__MATERIAL PROVIDED__:

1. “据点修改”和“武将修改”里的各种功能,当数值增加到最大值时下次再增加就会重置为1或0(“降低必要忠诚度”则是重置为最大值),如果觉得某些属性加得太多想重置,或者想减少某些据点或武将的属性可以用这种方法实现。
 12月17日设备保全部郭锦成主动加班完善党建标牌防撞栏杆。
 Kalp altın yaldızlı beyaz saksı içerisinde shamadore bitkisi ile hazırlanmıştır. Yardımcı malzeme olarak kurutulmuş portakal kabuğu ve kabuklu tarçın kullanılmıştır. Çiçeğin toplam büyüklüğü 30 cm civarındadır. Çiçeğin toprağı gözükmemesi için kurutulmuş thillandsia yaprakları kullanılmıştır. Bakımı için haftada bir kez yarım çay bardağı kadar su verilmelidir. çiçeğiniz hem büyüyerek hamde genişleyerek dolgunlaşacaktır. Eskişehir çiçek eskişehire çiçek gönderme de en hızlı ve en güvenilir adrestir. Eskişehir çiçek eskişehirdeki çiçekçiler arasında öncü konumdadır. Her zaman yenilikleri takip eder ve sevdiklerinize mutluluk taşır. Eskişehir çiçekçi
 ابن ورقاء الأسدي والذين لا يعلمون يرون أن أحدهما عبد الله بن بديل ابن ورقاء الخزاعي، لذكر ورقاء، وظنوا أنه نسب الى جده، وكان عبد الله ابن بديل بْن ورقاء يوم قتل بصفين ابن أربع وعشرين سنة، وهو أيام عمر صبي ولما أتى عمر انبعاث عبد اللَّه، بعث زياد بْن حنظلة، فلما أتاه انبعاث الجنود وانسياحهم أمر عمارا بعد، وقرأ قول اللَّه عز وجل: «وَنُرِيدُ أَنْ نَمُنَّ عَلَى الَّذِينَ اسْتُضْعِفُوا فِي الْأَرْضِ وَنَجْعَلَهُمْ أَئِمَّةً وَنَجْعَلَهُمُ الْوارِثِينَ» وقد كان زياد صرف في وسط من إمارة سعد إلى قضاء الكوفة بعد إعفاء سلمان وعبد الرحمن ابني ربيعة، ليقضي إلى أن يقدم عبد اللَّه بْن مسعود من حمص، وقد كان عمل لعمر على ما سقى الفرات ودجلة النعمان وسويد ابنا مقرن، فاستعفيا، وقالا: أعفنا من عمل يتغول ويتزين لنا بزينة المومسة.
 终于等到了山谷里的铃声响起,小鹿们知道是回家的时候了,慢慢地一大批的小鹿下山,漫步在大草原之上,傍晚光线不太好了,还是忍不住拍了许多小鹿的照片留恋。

* * *

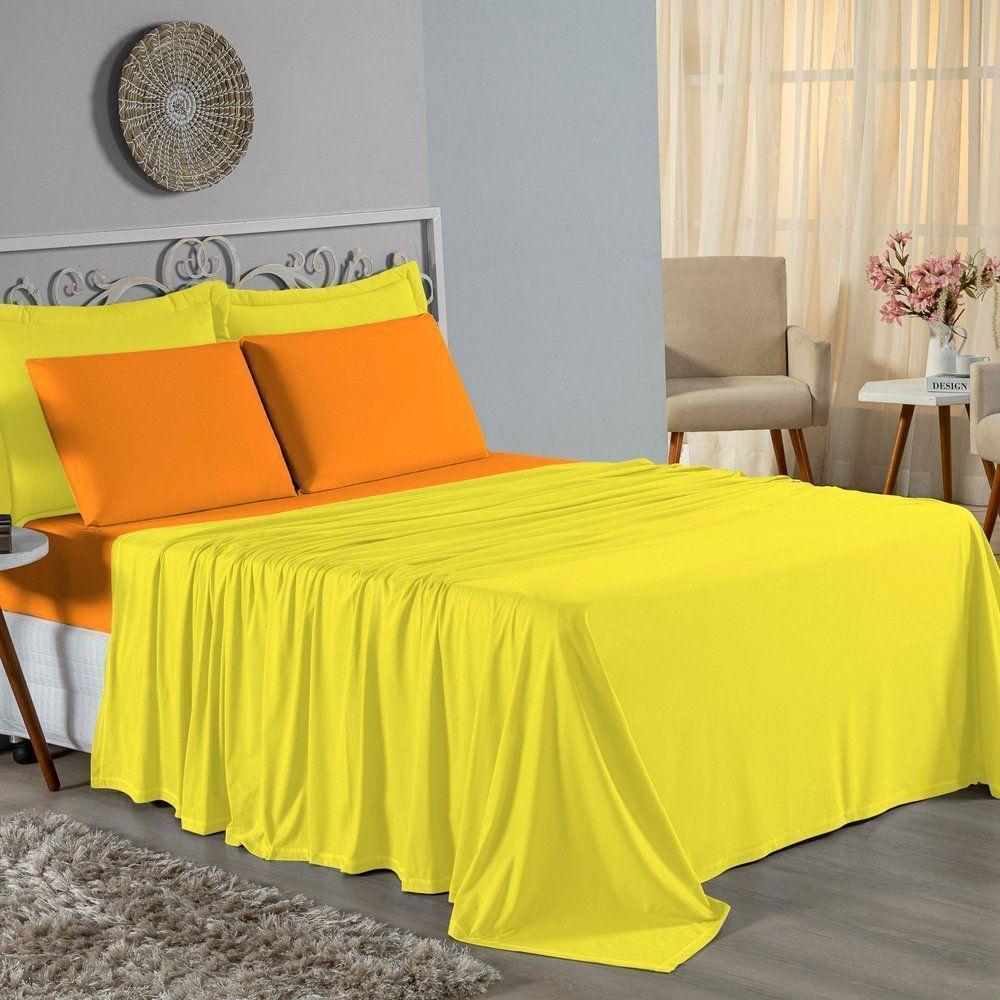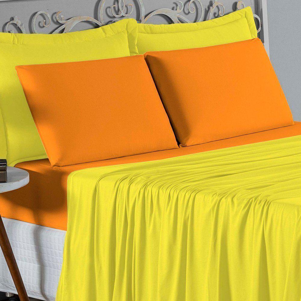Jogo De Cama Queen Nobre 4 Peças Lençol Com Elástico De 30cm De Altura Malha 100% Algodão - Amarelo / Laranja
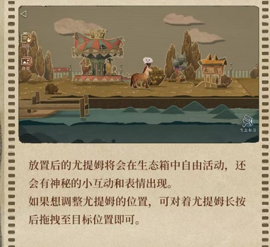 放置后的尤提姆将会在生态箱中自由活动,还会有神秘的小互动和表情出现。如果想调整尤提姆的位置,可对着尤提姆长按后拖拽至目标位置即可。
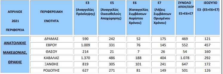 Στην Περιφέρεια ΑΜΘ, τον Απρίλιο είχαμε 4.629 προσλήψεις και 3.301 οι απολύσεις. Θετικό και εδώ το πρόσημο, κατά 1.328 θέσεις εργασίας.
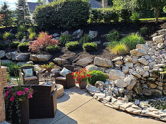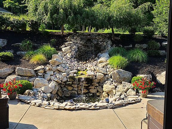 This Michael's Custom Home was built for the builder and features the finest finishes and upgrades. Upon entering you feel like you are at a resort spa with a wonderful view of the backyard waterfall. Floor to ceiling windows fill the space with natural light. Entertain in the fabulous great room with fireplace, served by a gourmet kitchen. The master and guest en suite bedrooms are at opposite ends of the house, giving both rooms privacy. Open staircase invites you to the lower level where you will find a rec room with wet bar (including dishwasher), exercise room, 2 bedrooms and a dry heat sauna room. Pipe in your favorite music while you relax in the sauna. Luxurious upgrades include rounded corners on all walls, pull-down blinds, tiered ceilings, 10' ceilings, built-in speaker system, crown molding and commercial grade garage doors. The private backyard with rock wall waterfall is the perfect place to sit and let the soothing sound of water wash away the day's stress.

--

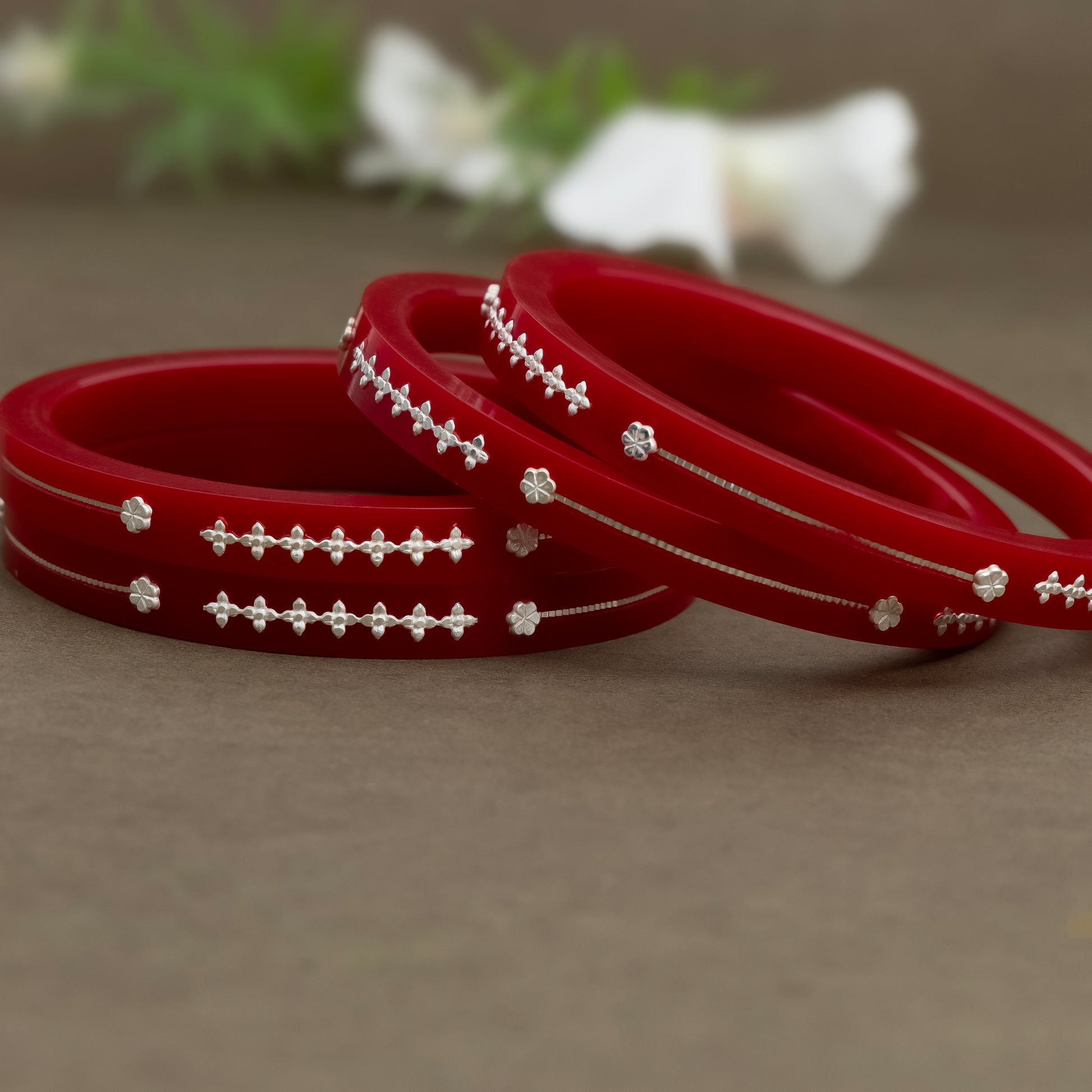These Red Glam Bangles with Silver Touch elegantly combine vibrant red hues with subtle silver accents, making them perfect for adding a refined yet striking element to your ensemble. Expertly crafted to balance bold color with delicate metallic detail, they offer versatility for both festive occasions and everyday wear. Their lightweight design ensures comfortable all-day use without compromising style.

__PROBLEM DESCRIPTION__: The expected output is the lines above from the one containing "Jogo De Cama" to the one containing "This Michael's Custom", both ends included, reproduced exactly with every picture left out.

__SOLUTION FOR THIS EXERCISE__:
Jogo De Cama Queen Nobre 4 Peças Lençol Com Elástico De 30cm De Altura Malha 100% Algodão - Amarelo / Laranja
 放置后的尤提姆将会在生态箱中自由活动,还会有神秘的小互动和表情出现。如果想调整尤提姆的位置,可对着尤提姆长按后拖拽至目标位置即可。
 Στην Περιφέρεια ΑΜΘ, τον Απρίλιο είχαμε 4.629 προσλήψεις και 3.301 οι απολύσεις. Θετικό και εδώ το πρόσημο, κατά 1.328 θέσεις εργασίας.
 This Michael's Custom Home was built for the builder and features the finest finishes and upgrades. Upon entering you feel like you are at a resort spa with a wonderful view of the backyard waterfall. Floor to ceiling windows fill the space with natural light. Entertain in the fabulous great room with fireplace, served by a gourmet kitchen. The master and guest en suite bedrooms are at opposite ends of the house, giving both rooms privacy. Open staircase invites you to the lower level where you will find a rec room with wet bar (including dishwasher), exercise room, 2 bedrooms and a dry heat sauna room. Pipe in your favorite music while you relax in the sauna. Luxurious upgrades include rounded corners on all walls, pull-down blinds, tiered ceilings, 10' ceilings, built-in speaker system, crown molding and commercial grade garage doors. The private backyard with rock wall waterfall is the perfect place to sit and let the soothing sound of water wash away the day's stress.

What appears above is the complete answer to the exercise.